____ DATASET

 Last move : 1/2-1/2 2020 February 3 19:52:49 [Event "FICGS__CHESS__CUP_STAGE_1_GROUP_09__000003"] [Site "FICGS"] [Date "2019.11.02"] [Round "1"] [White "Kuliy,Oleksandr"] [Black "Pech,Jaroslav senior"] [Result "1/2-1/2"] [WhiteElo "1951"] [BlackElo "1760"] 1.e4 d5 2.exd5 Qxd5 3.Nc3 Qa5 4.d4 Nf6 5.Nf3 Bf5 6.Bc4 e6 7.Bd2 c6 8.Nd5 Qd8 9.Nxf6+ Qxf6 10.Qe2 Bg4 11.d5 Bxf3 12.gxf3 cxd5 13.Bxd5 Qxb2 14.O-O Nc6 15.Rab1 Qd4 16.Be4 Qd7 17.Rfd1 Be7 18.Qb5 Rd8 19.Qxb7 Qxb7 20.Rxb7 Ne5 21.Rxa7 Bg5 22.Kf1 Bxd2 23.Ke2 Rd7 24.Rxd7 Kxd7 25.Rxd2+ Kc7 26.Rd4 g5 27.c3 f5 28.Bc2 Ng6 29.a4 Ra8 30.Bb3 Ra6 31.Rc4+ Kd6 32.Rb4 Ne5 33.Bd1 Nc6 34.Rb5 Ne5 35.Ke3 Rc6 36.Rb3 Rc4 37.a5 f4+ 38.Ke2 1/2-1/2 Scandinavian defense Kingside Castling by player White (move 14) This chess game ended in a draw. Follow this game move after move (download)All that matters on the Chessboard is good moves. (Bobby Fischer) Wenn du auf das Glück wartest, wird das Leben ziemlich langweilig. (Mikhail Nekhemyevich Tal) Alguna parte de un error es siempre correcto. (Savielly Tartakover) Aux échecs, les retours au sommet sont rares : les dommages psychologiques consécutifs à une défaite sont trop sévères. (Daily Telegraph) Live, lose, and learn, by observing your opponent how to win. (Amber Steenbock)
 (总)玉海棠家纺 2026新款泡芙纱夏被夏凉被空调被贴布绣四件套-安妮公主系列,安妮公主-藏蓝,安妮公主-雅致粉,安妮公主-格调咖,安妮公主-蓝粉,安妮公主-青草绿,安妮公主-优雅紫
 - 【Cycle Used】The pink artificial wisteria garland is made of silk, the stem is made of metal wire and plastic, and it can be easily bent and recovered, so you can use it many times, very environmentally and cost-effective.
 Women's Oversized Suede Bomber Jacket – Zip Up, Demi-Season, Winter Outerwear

________
____ DATASET

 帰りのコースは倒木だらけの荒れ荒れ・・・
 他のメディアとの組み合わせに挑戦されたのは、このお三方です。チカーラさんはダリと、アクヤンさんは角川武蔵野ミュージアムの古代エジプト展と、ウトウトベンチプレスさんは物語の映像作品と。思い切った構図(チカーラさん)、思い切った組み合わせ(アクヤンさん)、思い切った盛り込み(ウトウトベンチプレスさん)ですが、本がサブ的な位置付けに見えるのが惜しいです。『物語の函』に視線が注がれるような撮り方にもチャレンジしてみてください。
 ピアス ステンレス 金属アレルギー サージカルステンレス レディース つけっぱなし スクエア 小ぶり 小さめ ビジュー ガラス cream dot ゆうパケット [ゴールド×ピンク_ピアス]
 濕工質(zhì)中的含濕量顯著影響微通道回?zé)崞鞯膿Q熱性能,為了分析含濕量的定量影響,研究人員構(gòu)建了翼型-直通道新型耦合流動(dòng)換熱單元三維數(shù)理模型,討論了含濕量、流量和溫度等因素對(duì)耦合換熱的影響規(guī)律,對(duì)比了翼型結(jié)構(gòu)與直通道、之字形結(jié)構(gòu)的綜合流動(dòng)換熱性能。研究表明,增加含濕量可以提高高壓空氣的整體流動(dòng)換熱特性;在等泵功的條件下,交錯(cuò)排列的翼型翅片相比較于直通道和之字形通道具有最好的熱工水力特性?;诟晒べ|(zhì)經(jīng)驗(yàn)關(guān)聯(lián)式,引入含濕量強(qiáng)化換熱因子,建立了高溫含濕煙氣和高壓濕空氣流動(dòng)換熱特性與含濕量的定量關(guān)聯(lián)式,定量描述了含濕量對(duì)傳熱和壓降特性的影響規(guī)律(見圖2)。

________
____ DATASET

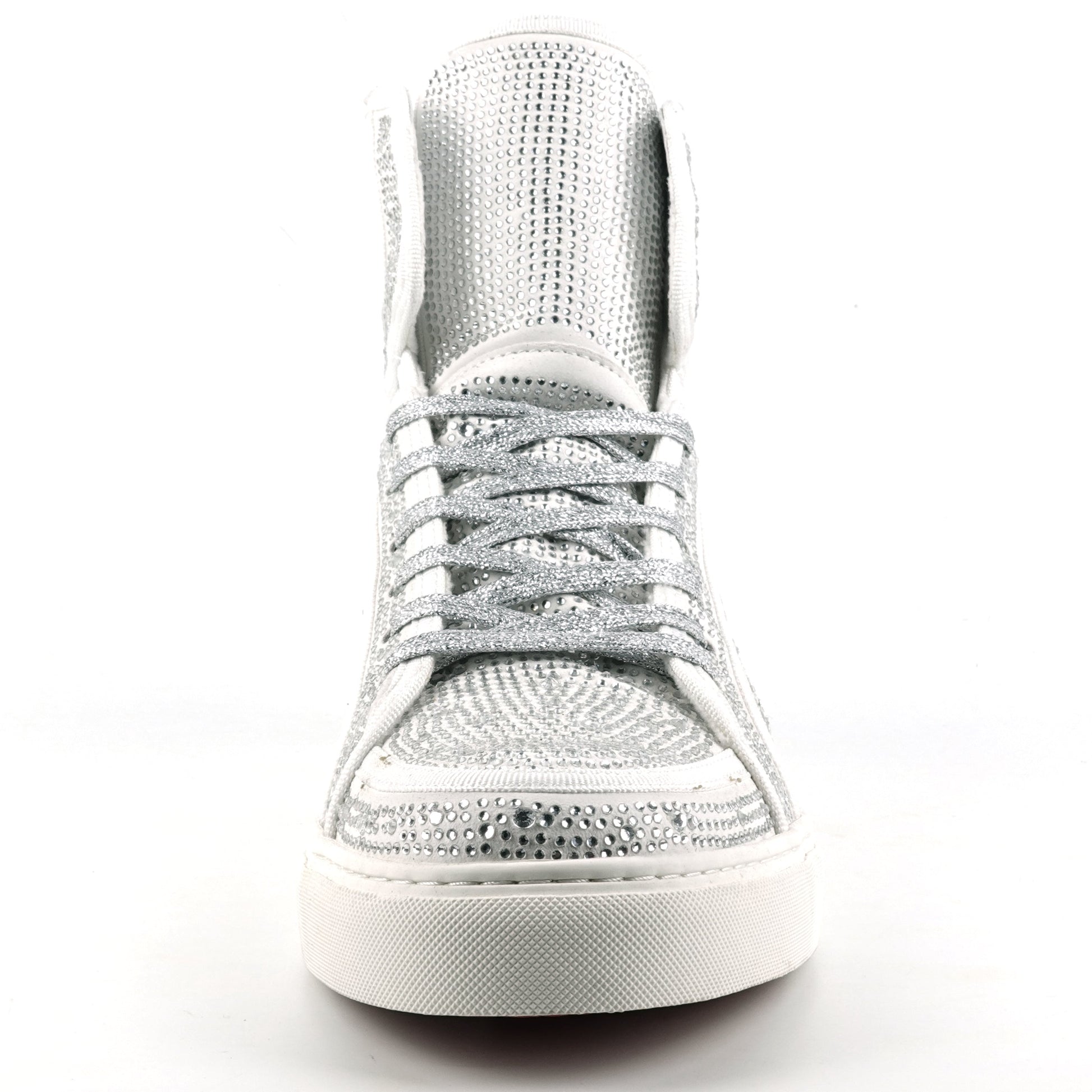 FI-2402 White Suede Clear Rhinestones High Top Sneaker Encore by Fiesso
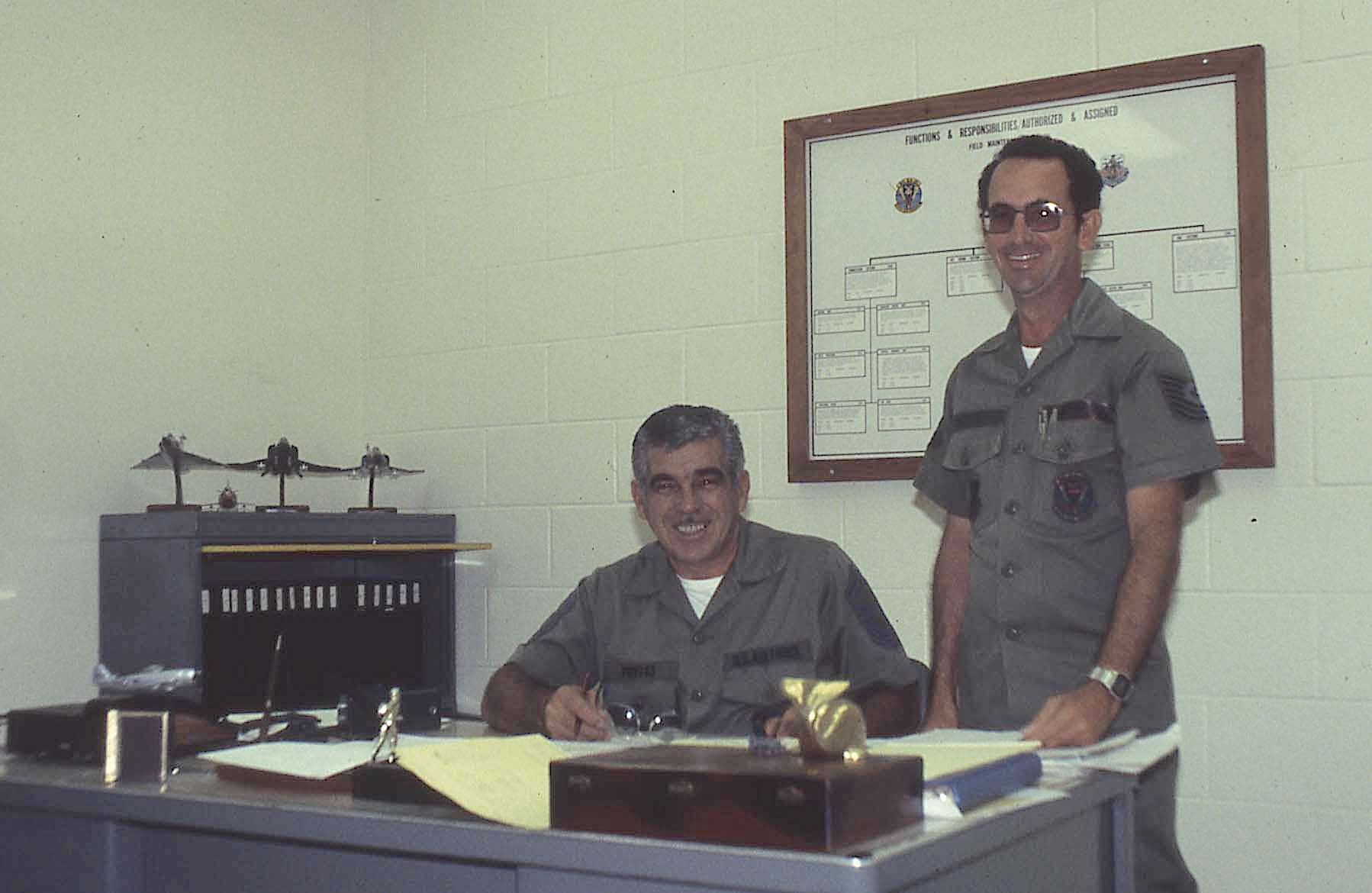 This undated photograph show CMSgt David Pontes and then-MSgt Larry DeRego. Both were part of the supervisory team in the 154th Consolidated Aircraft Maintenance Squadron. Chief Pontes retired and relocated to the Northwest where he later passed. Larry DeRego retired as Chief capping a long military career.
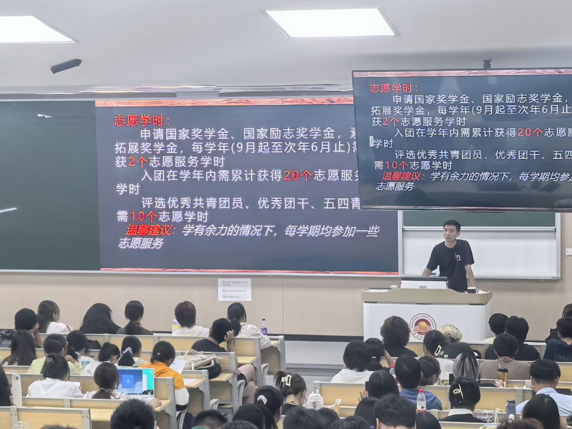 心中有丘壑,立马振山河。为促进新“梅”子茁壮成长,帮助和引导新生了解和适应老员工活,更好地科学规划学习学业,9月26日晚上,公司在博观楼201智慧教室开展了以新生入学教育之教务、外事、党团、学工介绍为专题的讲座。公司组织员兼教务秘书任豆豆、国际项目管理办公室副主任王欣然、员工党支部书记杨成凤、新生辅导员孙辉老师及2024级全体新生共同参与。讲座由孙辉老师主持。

________

**EXERCISE BRIEF:**
Would you copy, unchanged, the stretch of the records above that begins at the line containing "(总)玉海棠家纺 2026新" and ends at the line containing "Women's Oversized Suede", and only that?

**COMPLETED EXERCISE:**
 (总)玉海棠家纺 2026新款泡芙纱夏被夏凉被空调被贴布绣四件套-安妮公主系列,安妮公主-藏蓝,安妮公主-雅致粉,安妮公主-格调咖,安妮公主-蓝粉,安妮公主-青草绿,安妮公主-优雅紫
 - 【Cycle Used】The pink artificial wisteria garland is made of silk, the stem is made of metal wire and plastic, and it can be easily bent and recovered, so you can use it many times, very environmentally and cost-effective.
 Women's Oversized Suede Bomber Jacket – Zip Up, Demi-Season, Winter Outerwear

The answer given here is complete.